A comparison of the mean annual rainfall and spatial frequency distribution of J1e (Figures 1b and d respectively) indicates J1e peaks in the arid regions of the Arabian Peninsula. We performed a nonparametric Mann–Whitney test to address the hypothesis: is the frequency of J1e higher in arid regions (≤300 mm) compared with regions with more rainfall in our sample set of African and Near Eastern populations? We found that the frequency of J1e was significantly greater in the arid than in the non-arid populations (P=0.0035). By combining all the arid populations (Supplementary Table 1) into one sample (n=16), we circumvented the details of the geographic frequency distribution, such that the J1e frequency pattern was examined primarily with regard to precipitation rather than geography, although the two are correlated.

Although most post-Last Glacial Maximum recolonization events have a typically northward signature,30, 31 our J1e results provide an example of a southward spread during the early Holocene. Although J1e is one of the most frequent haplogroups in the region, haplogroup E-M123 also shows its highest frequency and haplotype diversity in regions of the Fertile Crescent, decreasing toward the Arabian Peninsula.1, 2, 6 This co-distribution pattern of Y-chromosome haplogroups J1e and E-M123 resembles mtDNA haplogroups J1b and (PreHV)1 distributions that also display low levels of diversity despite their high frequency in Saudi Arabia.32, 33

Although on a broad scale the haplogroup J1e frequency distribution and expansion times are consistent with the model that it tracks a possible expansion of Neolithic agro-pastoralists from the Fertile Crescent into the arid Arabian Peninsula, several caveats must be considered. First, the patchy distribution of J1e frequency in the Levant (Syria, Jordan, Israel and Palestine) may reflect the complex demographic dynamics of religion and ethnicity in the region. Second, even though the highest YSTR variance of J1e lineages is in eastern Anatolia, northern Iraq and northwest Iran, one cannot entirely rule out recent admixture as a contribution to the high variance among ethnic Assyrians.

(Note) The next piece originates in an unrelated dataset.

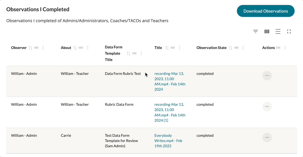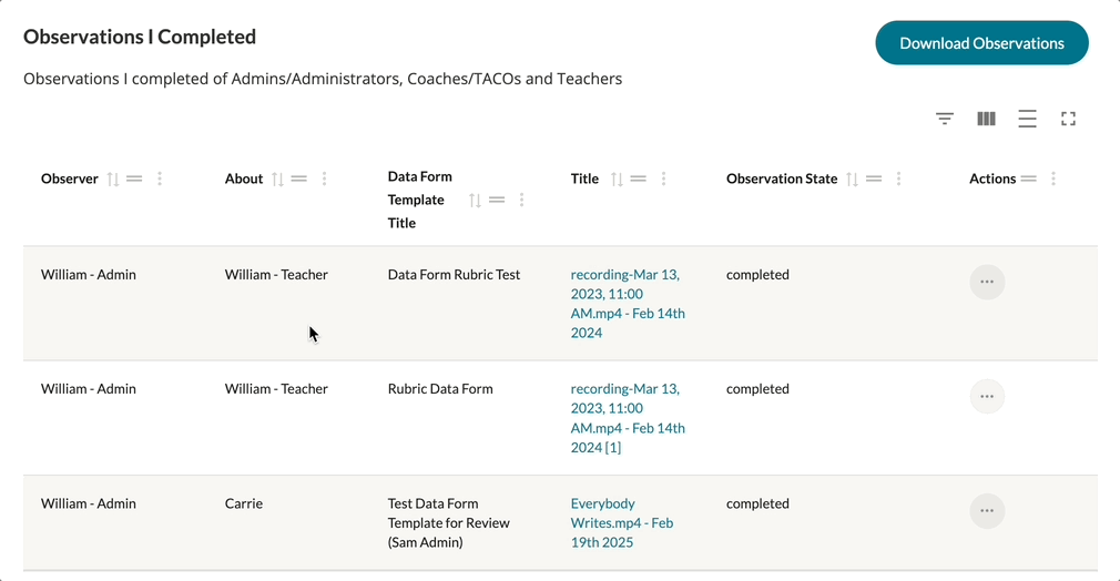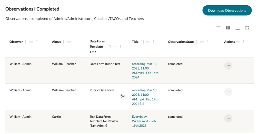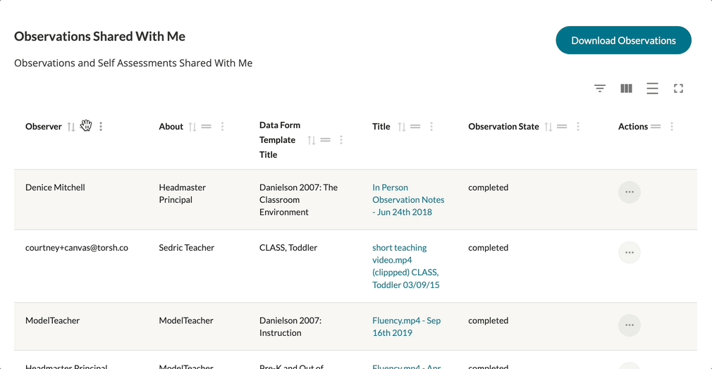 Each table in your Observations and Self Assessments can have their display further modified via the display options found in the top, right-hand corner of each table. Each table displays with a Show/Hide Filters, Show/Hide Columns, Toggle Density, and Toggle Fullscreen buttons (from left to right respectively).

A recent Bayesian analysis of Semitic languages supports an origin in the Levant 5750 years ago and subsequent arrival in the Horn of Africa from Arabia 2800 years ago,11 thus providing an indirect support of our phylogenetic clock estimates. It is important to note that the glottochronological dates yield estimates for the break-up and expansion of the Proto-Semitic language. Proto-Semitic, itself, may have been spoken in a localized linguistic community for millennia before its bifurcation into the East and West Semitic branches. In summary, haplogroup J1e data suggest an advance of the Neolithic period agriculturalists/pastoralists into the arid regions of Arabia from the Fertile Crescent and support an association with a Semitic linguistic common denominator.14

Conflict of interest

The authors declare no conflict of interest.